→ PROBLEM REQUIREMENTS:
Print the whole listing below exactly as given, pictures excluded.

→ INPUT DATA:
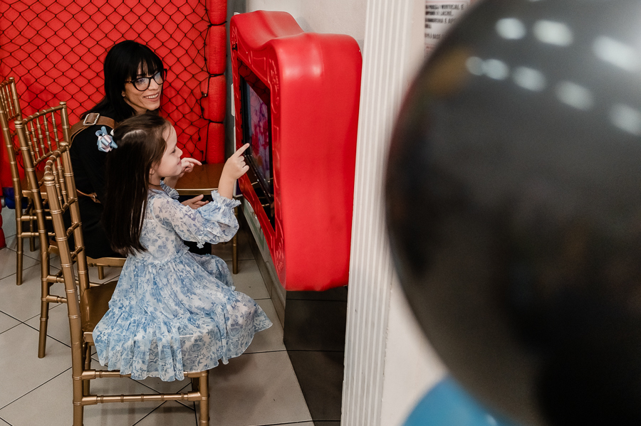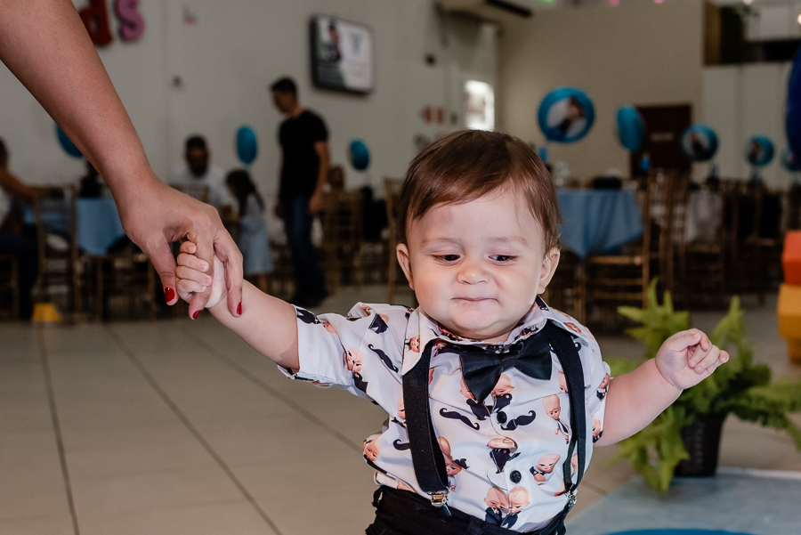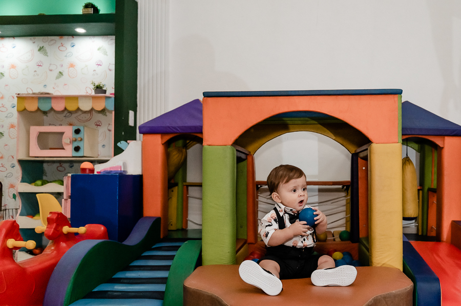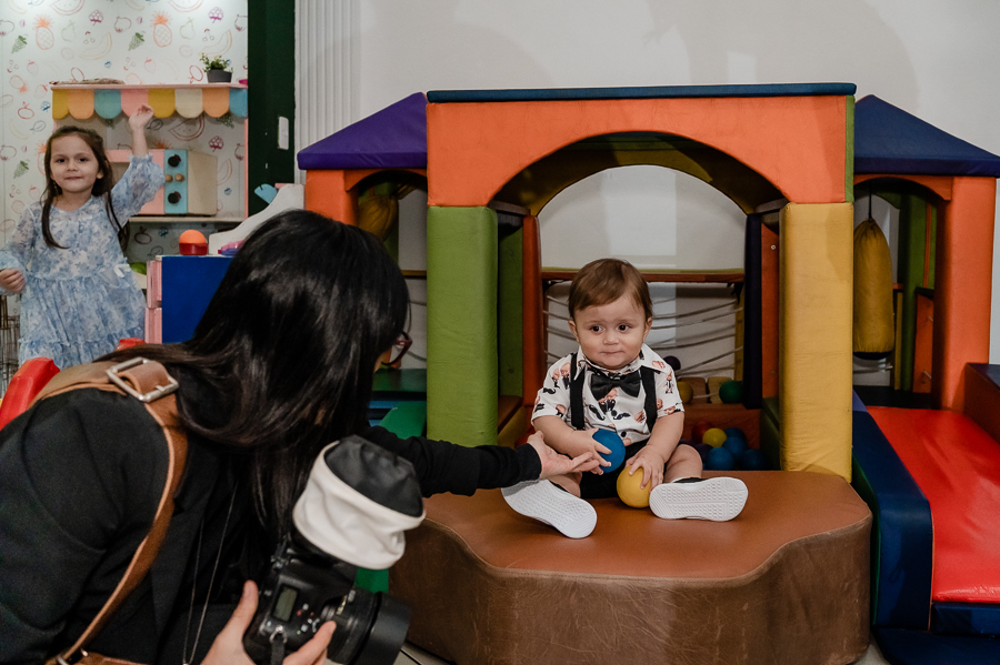 Junto com a mamãe, o papai e sua irmã Lívia, o Mateus foi conhecendo cada cantinho do espaço, a mesa decorada, os brinquedos...no início estava muito sério mas aos poucos foi mostrando seu sorriso.
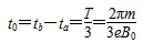 设a、c到达y轴时间差为t0,其中它们离开磁场后到达y轴时间是相等的,在磁场区中a转过30°圆心角,时间
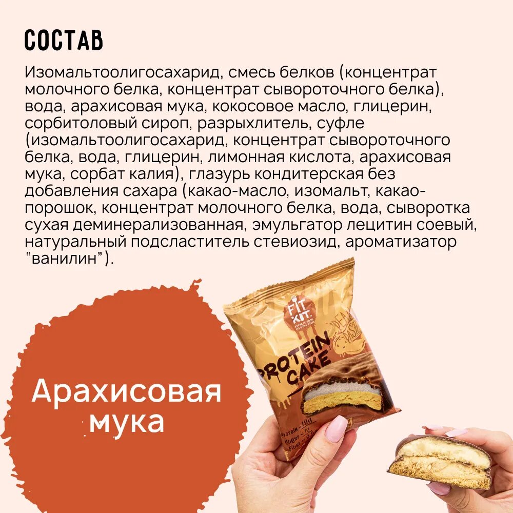 СохранитьПротеиновое печенье FIT KIT Protein Cake, Арахисовая паста (24шт по 70г) интересное:

→ TASK ANSWER:
 Junto com a mamãe, o papai e sua irmã Lívia, o Mateus foi conhecendo cada cantinho do espaço, a mesa decorada, os brinquedos...no início estava muito sério mas aos poucos foi mostrando seu sorriso.
 设a、c到达y轴时间差为t0,其中它们离开磁场后到达y轴时间是相等的,在磁场区中a转过30°圆心角,时间
 СохранитьПротеиновое печенье FIT KIT Protein Cake, Арахисовая паста (24шт по 70г) интересное:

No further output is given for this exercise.